Beaumesnil, however, stressed that non-hybrid hypercars, which have now since been allowed, will still be “competitive” with hybrid-powered machinery.
“We’re not completely removing the incentive to make a hybrid system but even if you consider this, the two-wheel drive cars will be competitive,” he said.
“This has been simulated and evaluated by very high level technical people, so I’m confident.”
Hypercar Level of Interest “Very Encouraging”
Beaumesnil said the level of interest in the yet-to-be-named class is “very encouraging” despite reports of the entire platform having been on the brink of being canceled as late as last month.
Sportscar365 understands that the official go-ahead was only given once Aston Martin made it’s formal commitment in May, with the FIA and ACO having explored backup plans that included ‘Super GTE’ and IMSA’s DPi formula.
Beaumesnil downplayed the critical stage the technical committee had reportedly been in just a few weeks ago.
“We had some rules, we needed to make the final adjustments and we have the confidence that we have some people joining in,” he said.
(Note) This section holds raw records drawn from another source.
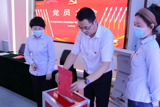 為了迎接建黨101周年和二十大的召開,落實好黨組建設,強化黨員干部不忘初心、牢記使命的責任感和使命感,牢固樹立黨員先鋒模范意識。資產公司黨支部6月14日召開迎“七一”黨員大會。預備黨員轉正,重溫入黨誓詞,表彰“最美逆行者”黨員大會。大會由資產公司黨支部書記徐兵主持,支部班子成員、全體黨員及部分員工代表參加。 大會在雄壯的《國際歌》中開幕。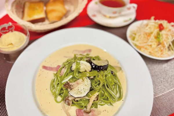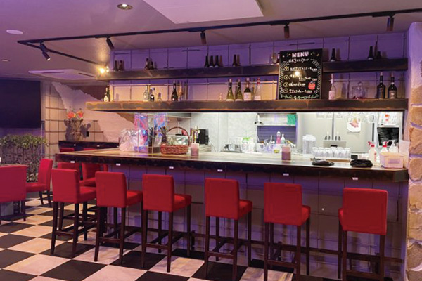 ライブがない日でもパスタなどのランチを提供。ネオンやステージのある店内でする食事も、非日常を感じる。2月には婚活イベントの会場としても使用される。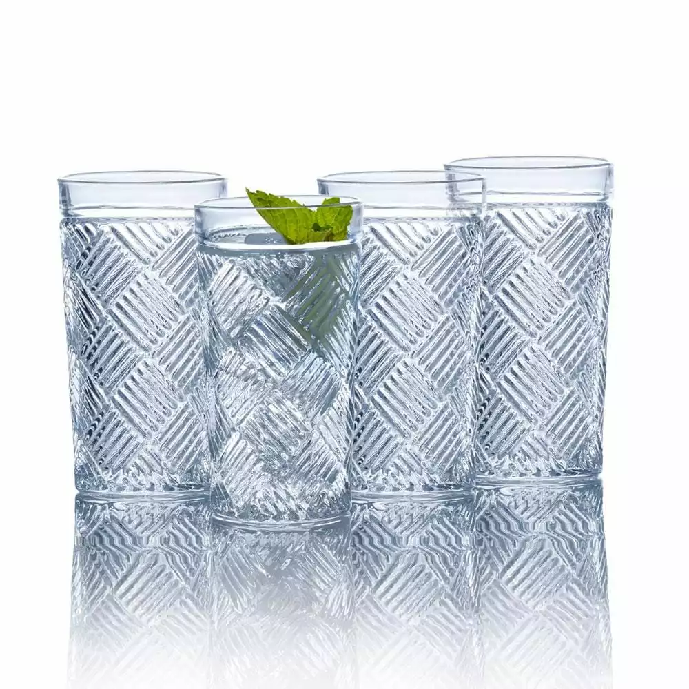 Mikasa Ballard Braid barware sets are uniquely designed with fashion and function in mind; with an elegant traditional pattern that creates texture and shine. This attractive set will coordinate with all casual patterns both modern and traditional. Dishwasher safe. Set of 4 highball glasses, each measures 5-1/2 inch high and holds 11-3/4 ounces.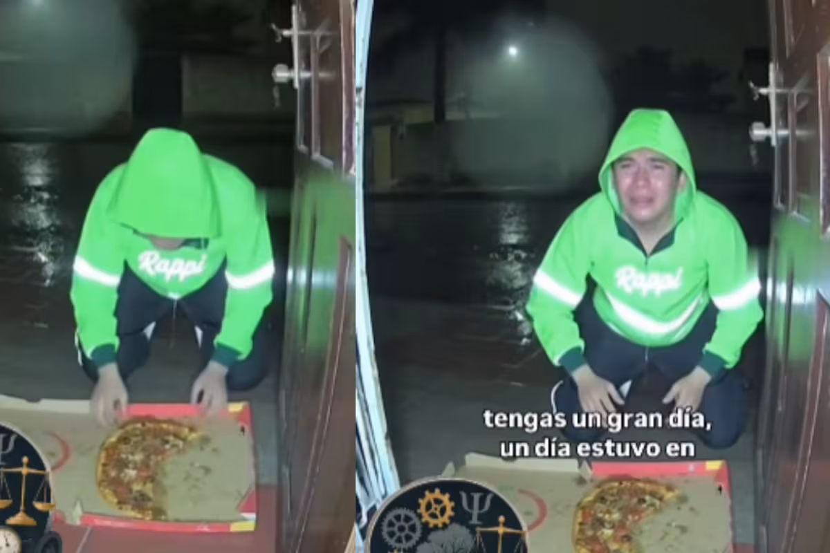 En las imágenes, se observa a un repartidor de pizza trabajando bajo la lluvia. Mojado y visiblemente cansado, el joven llega finalmente al domicilio del pedido, pero justo al llegar a la puerta, una mala pisada sobre el pavimento resbaloso cambia todo.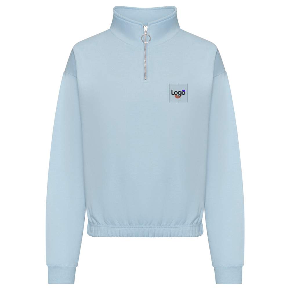 Blijf ontspannen met dit trendy korte sweatshirt, met een 1/4 zippersluiting aan de voorkant en een kruitkokerhalsband. Comfortabel model. Dragen met leggings of een joggingbroek voor een ontspannen dag. Rechte pasvorm voor dames. Elastisch afwerking. Inwendig geborstele molton. Gebreide polsen. Afneembaar label. Samenstelling: 80% ringspun katoen, 20% polyester. Dit sweatshirt is personaliseerbaar, ideaal om uw logo of een uniek visueel toe te voegen.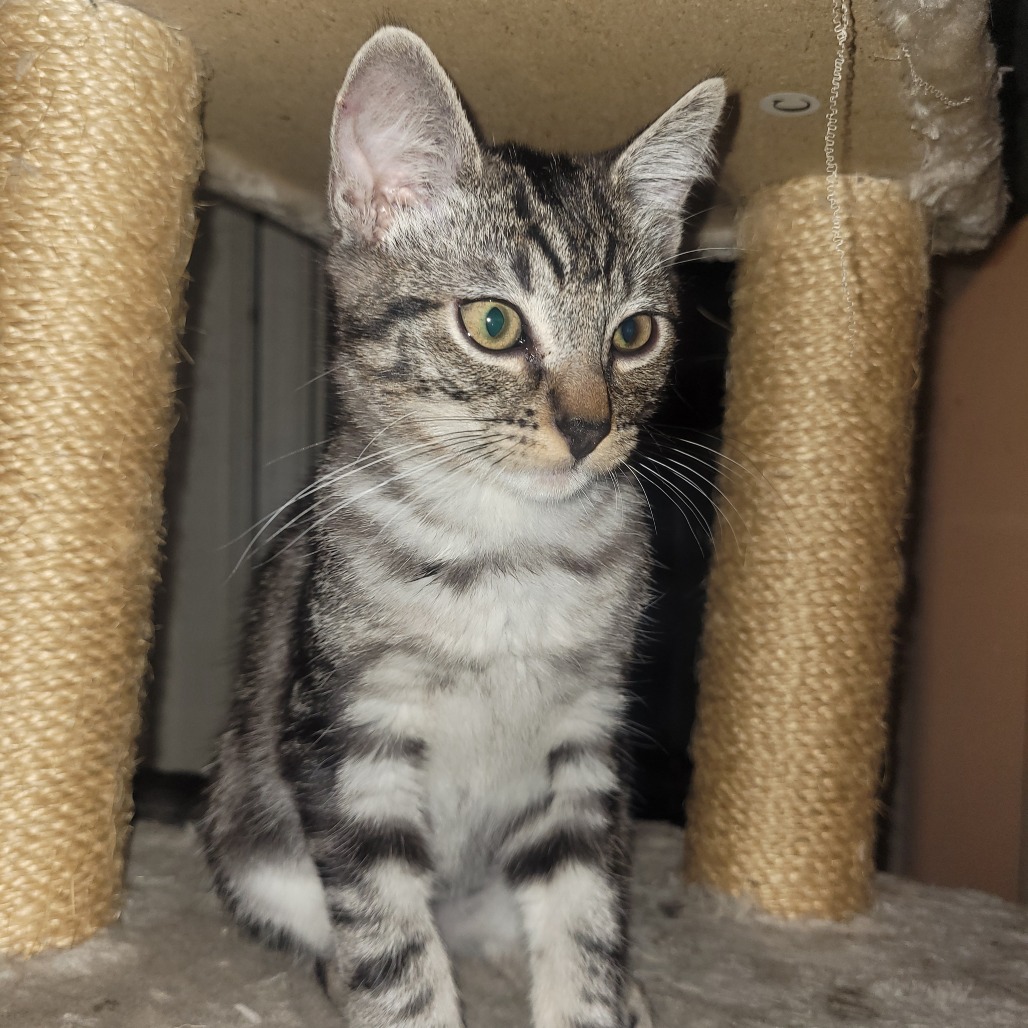 Robinson “Robby” is aiming to be the leading female action star in Hollywood! Robby already has set experience as her and her siblings were born to their mom Sinatra and found on the set of Paradise! Robby is definitely a tom-girl and has had to learn to be tough with three brothers! Robby definitely loves all activities with her brothers, including climbing, wrestling, running. Robby also enjoys a chill calm down session and loves to sleep in your lap. As Robinson is still a kitten, she has lots of energy to expend and will need to be adopted with another kitten. Be advised your home will be the object of all her favorite activities. Robby would love to be your favorite action star and play with you, and would love if one of her siblings can join the fun too! Bonded Siblings: Cal (KRLA-A-86194), Billy Pace (KRLA-A-86193), and Xavier (KRLA-A-86193) Robinson is currently living with her siblings, mother, in her foster’s home with a small dog and another cat. Foster can be contacted at mabenish@yahoo.com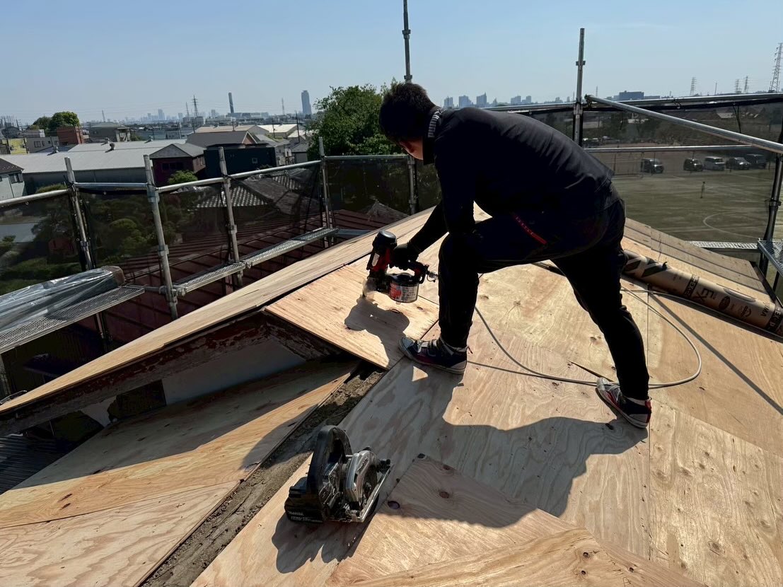 長年使ってきた屋根を撤去し、下地の補修から防水シートの施工まで丁寧に行いました。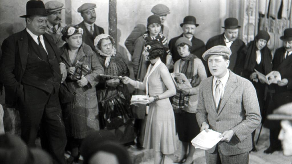 René Clair, on l’a dit, se méfie du cinéma qui parle comme l’on parle au théâtre. Il préfère ainsi filmer la séquence entre les deux amis — Préjean et le futur réalisateur Edmond T. Gréville dont la femme, Vanda, apparaît dans Le Million — qui se disputent Pola Illéry derrière la vitrine d’un bistrot. Rien n’a besoin d’être dit. On comprend par les gestes et les regards. Parole qui est souvent bannie par une interjection. « Taisez-vous ! », intime ainsi à deux détenus qui veulent causer le gardien de prison d’À nous la liberté. Et dans Le Million, alors que René Lefèvre et Annabella se retrouvent sur une scène de théâtre où ils n’ont rien à faire et doivent se cacher derrière des éléments de décor, le régisseur leur fait signe de se taire.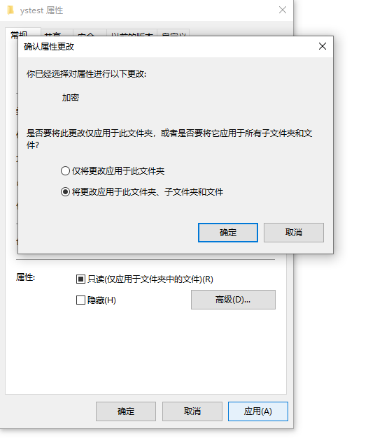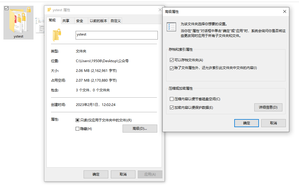 Windows操作系统中,EFS加密操作十分简单,选中文件或文件夹右击选择“属性”-点击“高级”,在弹出的对话框中将“加密内容以便保护数据”复选框中勾选,点击“确定”。中间会提示子文件加的处理方法,选择默认即可,再点击“确定”即可完成加密。加密对象就会显示锁头标志,说明加密成功。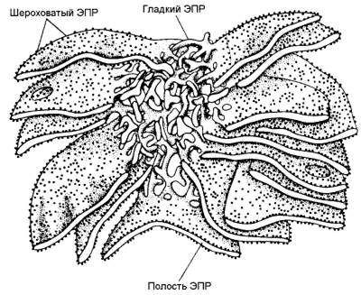 Рисунок 8.8. Структура эндоплазматического ретикулума (источник: Альбертс Б. и соавт., Молекулярная биология клетки, 1994).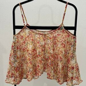 BCBGeneration Women's XXS Red Yellow Blue Floral Flowy Tank Blouse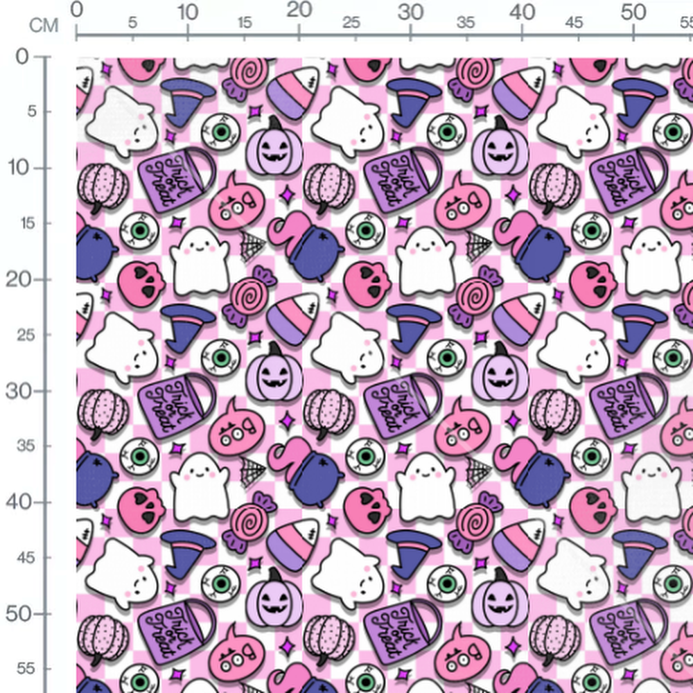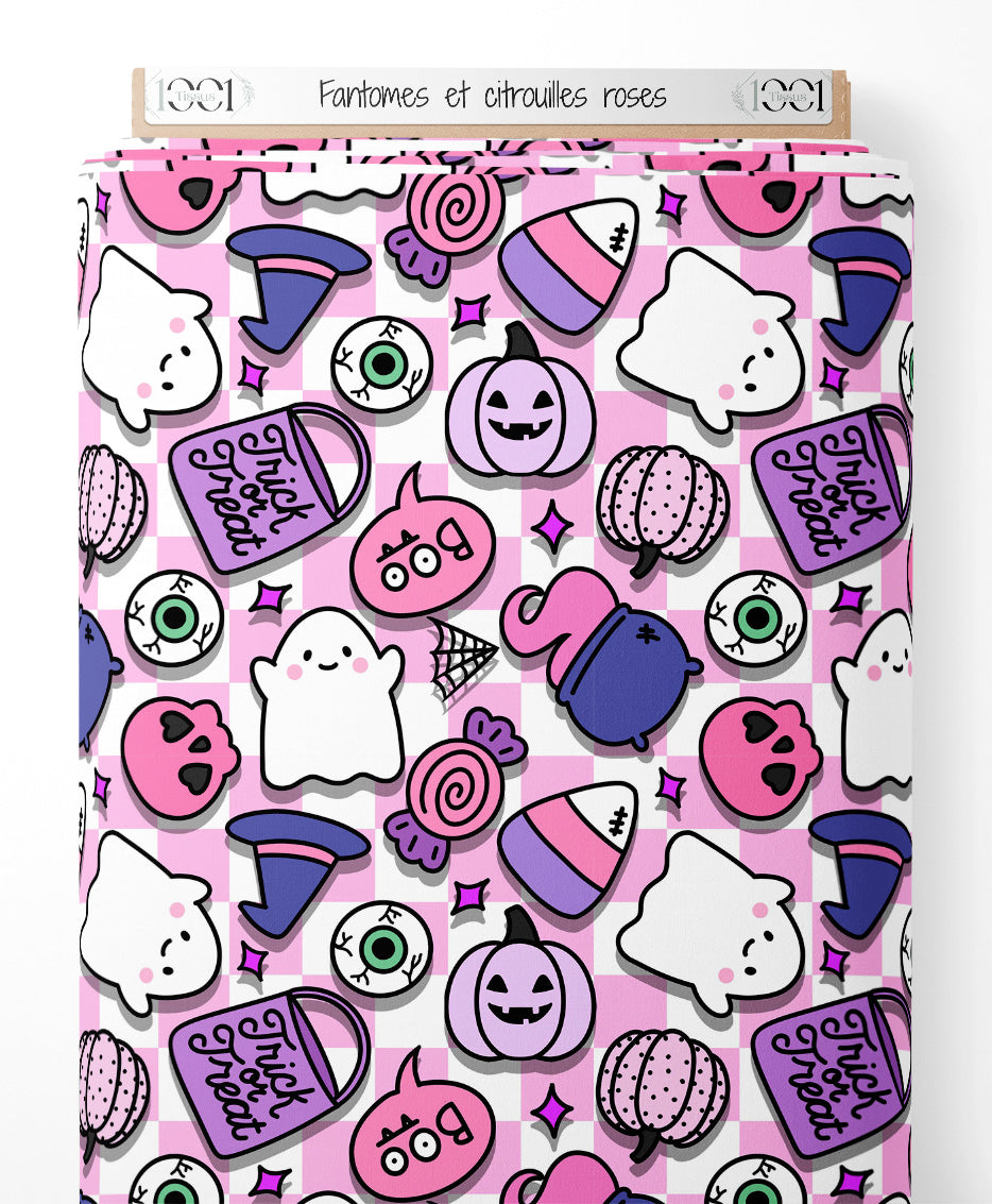 Petits sacs avec inscription 'Trick or Treat' et toiles d'araignée noires complètent le thème. Étoiles violettes et bonbons en spirale ajoutent des détails amusants. Les éléments sont entourés de contours noirs pour un effet cartoon.Les tissus

“I think now, obviously, in what [was announced today], there are a lot more people in contact with us.
“Then it’s always a question of timing.”
A specific target number of manufacturers or Hypercar entires has not been established for the launch 2020-21 season, beyond the already announced programs from Aston Martin, Toyota, ByKolles and Glickenhaus.
“I was not so worried [about the future] because I’m really confident this concept is quite innovative, it will bring very exotic and sexy cars on the grid that I hope the fans and media will enjoy,” Beaumesnil said.
“I hope it will also bring close performance and allow budgets to be controlled.
“We have a tool that will provide a good incentive for manufacturers and new brands to come. Fans want to see brands racing and we have a tool to attract new brands.”